既存施設を使いながらの増築・改修であり環境汚染管理、特にアスペルギルス症対応には留意した。院内感染管理委員会とは工事方法について協議を重ね進めた。
4.これまで約22年の主な工事履歴
当院は1995年既存棟の全体完成を終えている。同一敷地内のほぼ全面建替えであった。それ以降の施設上の変更は主に表1の通りである。
- 全体完成の約16年後、2011年に老朽化した旧東病棟(精神科)の建替えを行った。引き続き総合周産期センターおよび救命救急部門の整備・拡大に伴う改修も同時に行った。(中央病棟1~2階)ただし解体を伴うので面積増はあまりない。
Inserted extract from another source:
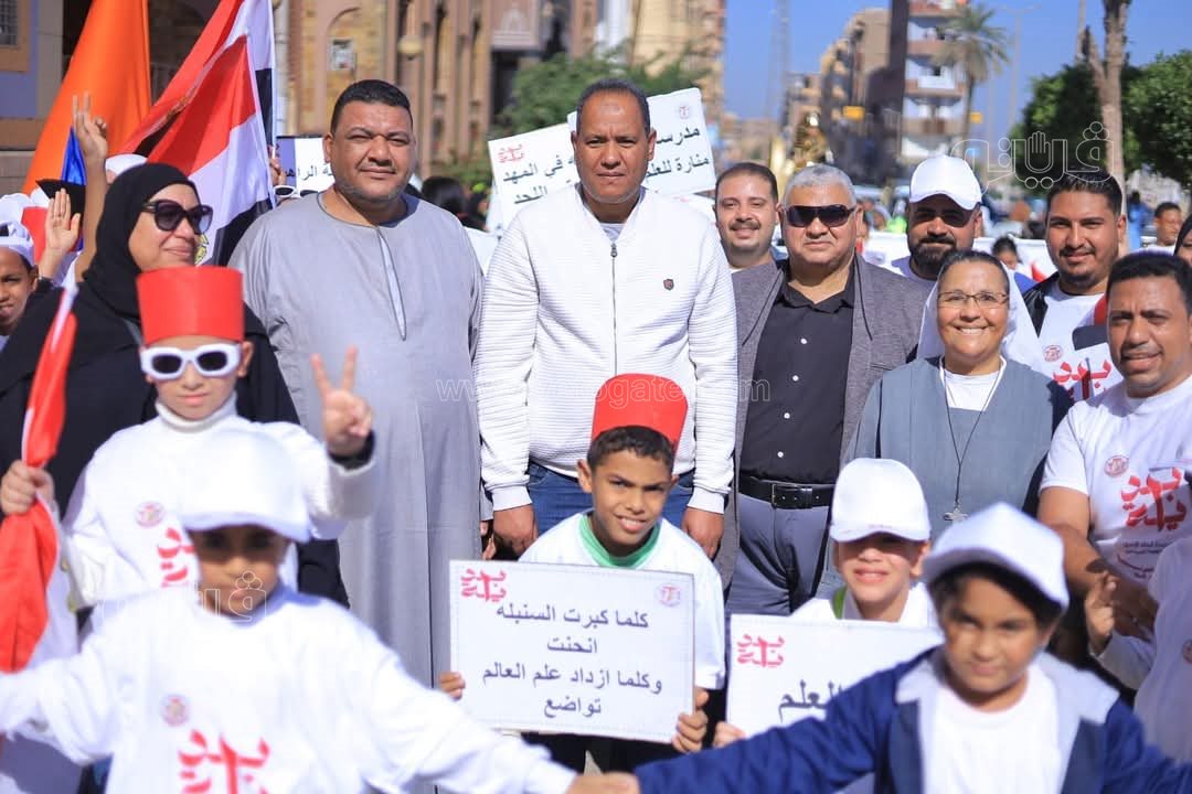 وحرص الطلاب أثناء المسيرة سيرا على الأقدام من أمام المدرسة مرورا بشارع البحر، على رفع أعلام مصر وسط أجواء من الفرحة والبهجة، وقامت مدرسة الراهبات الفرنسيسكانيات بمركز إسنا في الأقصر على تكريم الحاصلون على المراكز الأولى في الماراثون وتوزيع جوائز عليهم.

純粋な増築は今回が初といってよい。
- 1床当り延べ床面積は1997年全体完成時70.5㎡/床から89.3㎡/床にまで拡大した。これには病床数が800床から733床にまでダウンサイジングしたことも大きくかかわっている。
表1:これまで約22年の主な工事履歴
5.施設配置の変化
主要年の配置図を示した。
- 2032年、2042年は将来計画である。
- 全体完成以前の1989年の状況も挙げた。旧東病棟・厚生棟・交流棟他は当時も存在する。
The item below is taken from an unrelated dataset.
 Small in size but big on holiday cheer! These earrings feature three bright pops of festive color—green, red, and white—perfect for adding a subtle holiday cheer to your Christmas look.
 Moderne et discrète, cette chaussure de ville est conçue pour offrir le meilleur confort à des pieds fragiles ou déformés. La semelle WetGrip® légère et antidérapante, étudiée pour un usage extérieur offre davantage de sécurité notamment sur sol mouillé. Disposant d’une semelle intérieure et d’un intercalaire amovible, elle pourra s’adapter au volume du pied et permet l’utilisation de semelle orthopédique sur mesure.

- 2011年東病棟建替に伴い今回先端医療棟のスペースを確保した。
6.施設計画の基本方針
- 医療ニーズの変化に迅速に対応できる施設であること。
- 施設に投資する費用を最低限にすること。
この2点を施設計画の基本方針にしている。そのためにコスト意識を持ちながら継続的に医療ニーズを取り込んだ施設計画を行っていること、また明確なマスタープランを立てていることが重要であると考えている。